静かすぎることと、柔らか過ぎる高級ベッドの寝心地の感触に戸惑っていた事と、
隣りに浅野さんが寝ているという事実に頭が緊張してしまう。

こんな事になるなんて想像できなかったけれど、これは自分のミスが原因で、そして浅野さんに
多大な迷惑を掛けてしまった結果だと思うと、自分の不甲斐なさに涙がこみ上げてくる。

寝ている浅野さんに気付かれないように堪えるけれど、自分の情けなさに悔しさがこみ上げてしまい
嗚咽を必死に堪えても、少しずつ声が漏れてしまった。

「どうしたの? 眠れない?」

浅野さんを起こしてしまった。

「い、いえ、大丈夫です。」

泣いているのを気付かれないように、堪えて答える。 でも、無理して出した声で結局ばれてしまった。

「どうしたの、何泣いているの? 今日のことを気にしているの?」

肘を付いて体を起こした浅野さんは、暗闇の中、私の目元に指で触れながら涙を拭き取る。

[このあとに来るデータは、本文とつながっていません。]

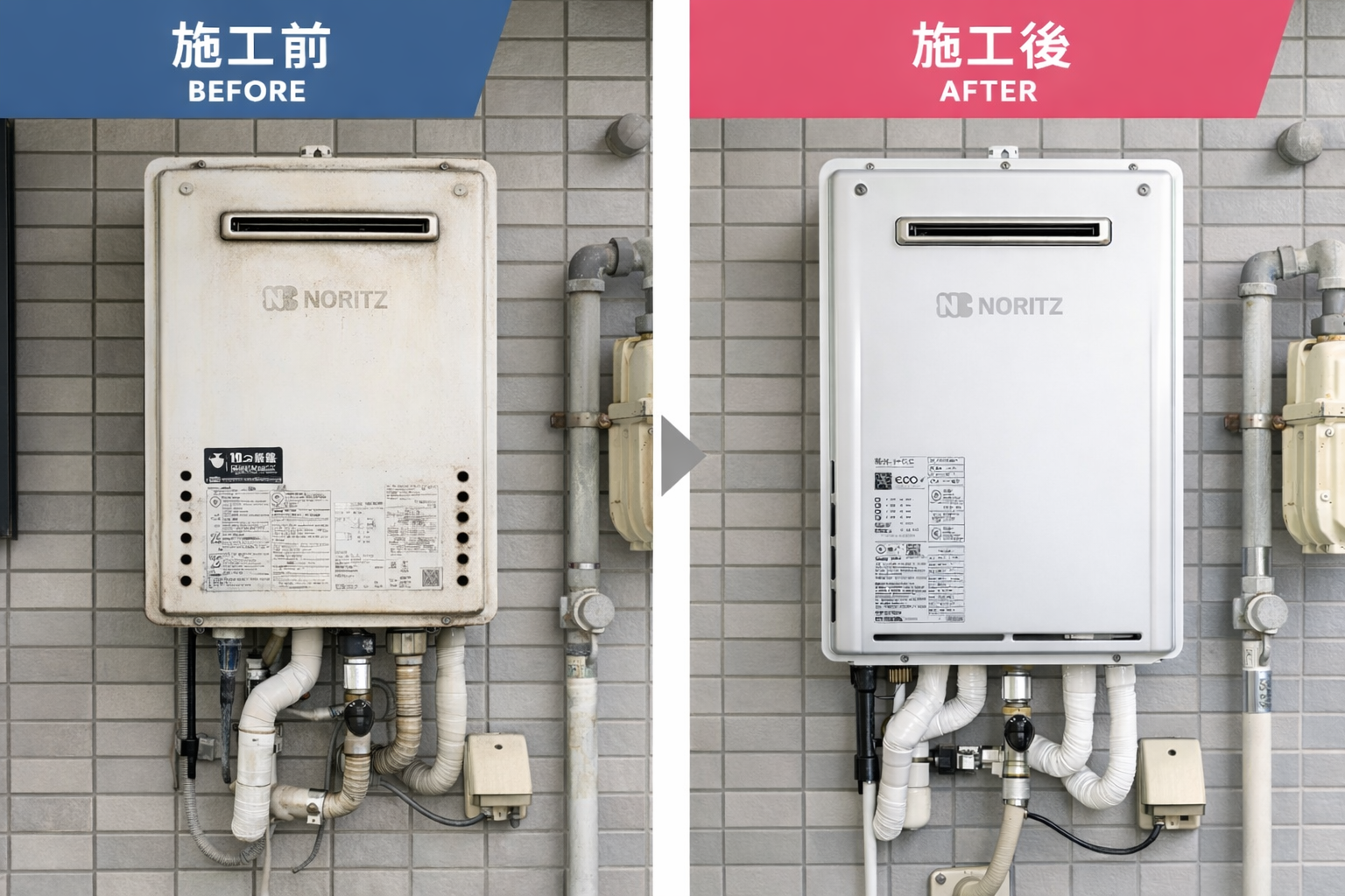 経年劣化によるトラブルを防ぐため、ノーリツ製24号給湯器へ交換を行いました。

「わ、私・・・、今回の事は、私自身のミスで、浅野さんに一杯迷惑を掛けてしまって。
 そ、その・・・、自分が不甲斐なくて、自分が情けなくて、悔しくて・・・。」

自分で自分の気持ちを打ち明けると、涙が更に溢れてしまい、涙声でどもってしまう。
みっともない姿を晒してしまっているのに、涙が止まらず、悔しさがこみ上げて感情が止まらない。

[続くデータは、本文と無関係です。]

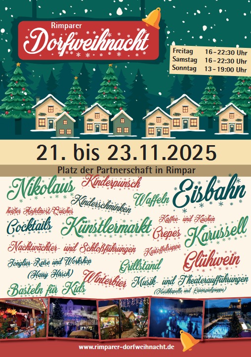 Zahlreiche Vereine, Abteilungen und Rimparer Institutionen arbeiten seit Wochen gemeinsam darauf hin und freuen sich, Sie vom 21.-23. November auf dem Platz der Partnerschaft zur diesjährigen Dorfweihnacht begrüßen zu dürfen. [...]
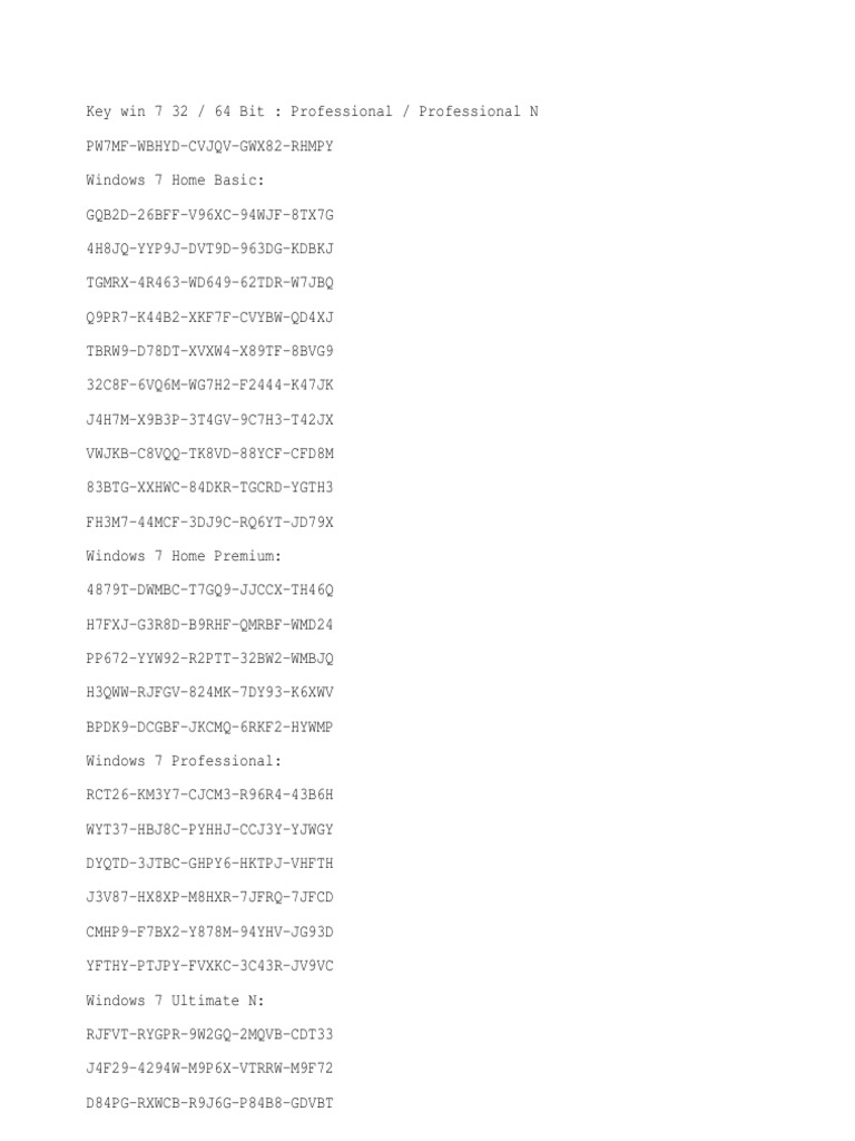 Key win 7 32 / 64 Bit : Professional / Professional N

不意に頭を撫でられ、そして、ゆっくりと頭が優しく何かに包まれた。

「誰だって完璧ではないわ。 わざとした事ではないし、失敗は誰にでもある。
 問題なのは、失敗した後、自分が何をしたら良いのか、何をすべきなのかを考えることよ。」

 私の頭に浅野さんの腕が回され、抱えられるように、浅野さんの胸元に抱きしめられていた。

「私は昼間に、あなたのできることをしなさいと言ったわ。 それは、やるべき重要な事を判断して、
 最優先にしなければならないことをまず進めなさいという意味だったのよ。

 あの時点では、設計書はほとんど手をつけられていなかったけれど、文書は他の人に頼もうと思えば出来るわ。
 あの時、あなたがすべき事は、プログラムを完成させること。 あなたはそれを一所懸命にしていたわ。

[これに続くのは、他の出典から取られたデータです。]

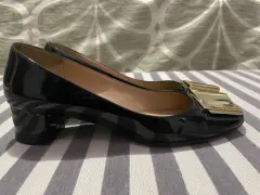 Zapatilla tacón bajo y ancho. Hermosas zapatillas en color negro charol, con hebilla grande de n color dorado, tienen unas pequeñas ralladuras en la hebilla por el uso normal pero están súper cuidadas y son súper cómodas
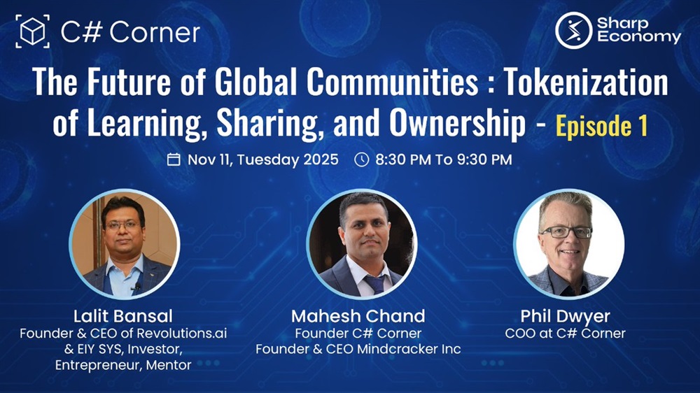 Các chuyên gia trong ngành Lalit Bansal (Revolutions.ai), Mahesh Chand (C# Corner, Mindcracker Inc) và Phil Dwyer (C# Corner) sẽ thảo luận về cách mã hóa đang định hình lại việc học, cộng tác và quyền sở hữu kỹ thuật số trong kỷ nguyên Web3.

 まぁ、不具合の修正には経験が必要だから時間がかかってしまったようだけど。 でも、あなたは私の指示通りに
 仕事を進めていてくれた。 それで十分よ。

 今回の事はあなたにとって良い勉強だったと思う。 だから、あなたはもっと伸びるわ。 安心しなさい。」

頭を優しく抱きしめられながら、頭を優しく撫でられながら、耳元に聞こえる浅野さんの声を聞いていると
許されたようで、励まされているようで、違った意味で泣きたくなった。

「っ、えっぅっ・・・えっっくぅ・・・。」

泣き続ける私の背中を優しくさすってくれた浅野さんの手が心地よくて、私はそのまま眠りに落ちた。